Cyber Security Podcast

Podcast June 1st, 2022

Welcome to Cyber Security Today. This is the Week in Review for the week ending Friday, March 22nd, 2024. I’m Howard Solomon, contributing reporter on cybersecurity for ITWorldCanada.com and TechNewsday.com in the U.S.

 

In a few minutes Terry Cutler of Montreal’s Cyology Labs will be here to talk about recent news. That includes lessons learned from the ransomware attack on the British Library last year, the latest crooks in court, app developers leaving their Google Firebase instances unprotected, and advice for corporate leaders on managing their expectations of cybersecurity teams.

Before we get to the discussion here’s a quick roundup of other news that happened in the last seven days:

Crooks have been quick to exploit a recently-discovered vulnerability in the on-premise version of JetBrains’ TeamCity continuous integration development server. Trend Micro says servers that haven’t been patched are being hit with ransomware, backdoors and cryptomining malware.

Ivanti is urging administrators using its Standalone Sentry gateway to install a security patch. This is to close a remote code execution vulnerability. It’s rated 9.8 on the Common Vulnerably Scoring System.

A February ransomware attack that hit Change Healthcare, a company that processes healthcare transactions for institutions across the U.S., continues to impact healthcare providers across the company. According to SCMagazine.com, facilities say they can’t pay medical suppliers or employees, and patients have to pay out of their savings for medications. Washington is trying to help. The Health and Human Services Secretary told Congress this week that the department is issuing US$2.5 billion in advance Medicare and Medicaid payments to institutions.

Developers and IT administrators using hardware and applications that run on the Zephyr OS are reminded to update the operating system as soon as possible. This comes after researchers at Synopsys discovered serious vulnerabilities. Fixes were released in January. Word was publicly released this month.

German researchers have discovered a new type of denial of service attack that could affect 300,000 network devices. It takes advantage of vulnerabilities in communications protocols such as DNS, NTP, TFTP and some legacy protocols. Called a loop attack, it can be blunted by applying the latest security patches or mitigations such as firewalls to network equipment from Cisco Systems, Honeywell, Broadcom, Microsoft, MikroTik and more.

Mintlify, which offers a cloud service that helps developers generate code documentation on their computers or in GitHub, says a hacker has accessed 91 access tokens of customers who use the service to analyze GitHub. These were tokens stored in Mintlify databases. Those tokens have been revoked.

As I said earlier, Terry and I will talk about the dangers of misconfiguring Google Firebase. This week researchers at Tenable released a report on how they found a vulnerability in Amazon Web Services that could have been exploited with the help of a misconfiguration to take over a web management panel.
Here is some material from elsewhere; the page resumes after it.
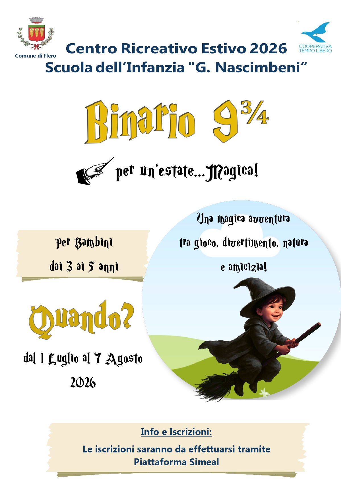 Si avvisa che lunedì 27 aprile 2026 apre il bando per l’iscrizione al CRE (Centro Ricreativo Estivo) 2026 presso la Scuola dell’Infanzia Comunale paritaria “G. Nascimbeni” in Via Paine n.10.

AWS has fixed the problem, but it’s also a warning to other cloud providers to put in a guardrail to their domain architecture to prevent similar risks.

Finally, GitHub’s promised code scanning autofix tool is now in public beta. Developers can use the tool to identify many vulnerabilities in Java, JavaScript, Typescript and Python and suggest fixes. While it’s in beta only those with an enterprise GitHub account and use GitHub Advanced Security can access the tool.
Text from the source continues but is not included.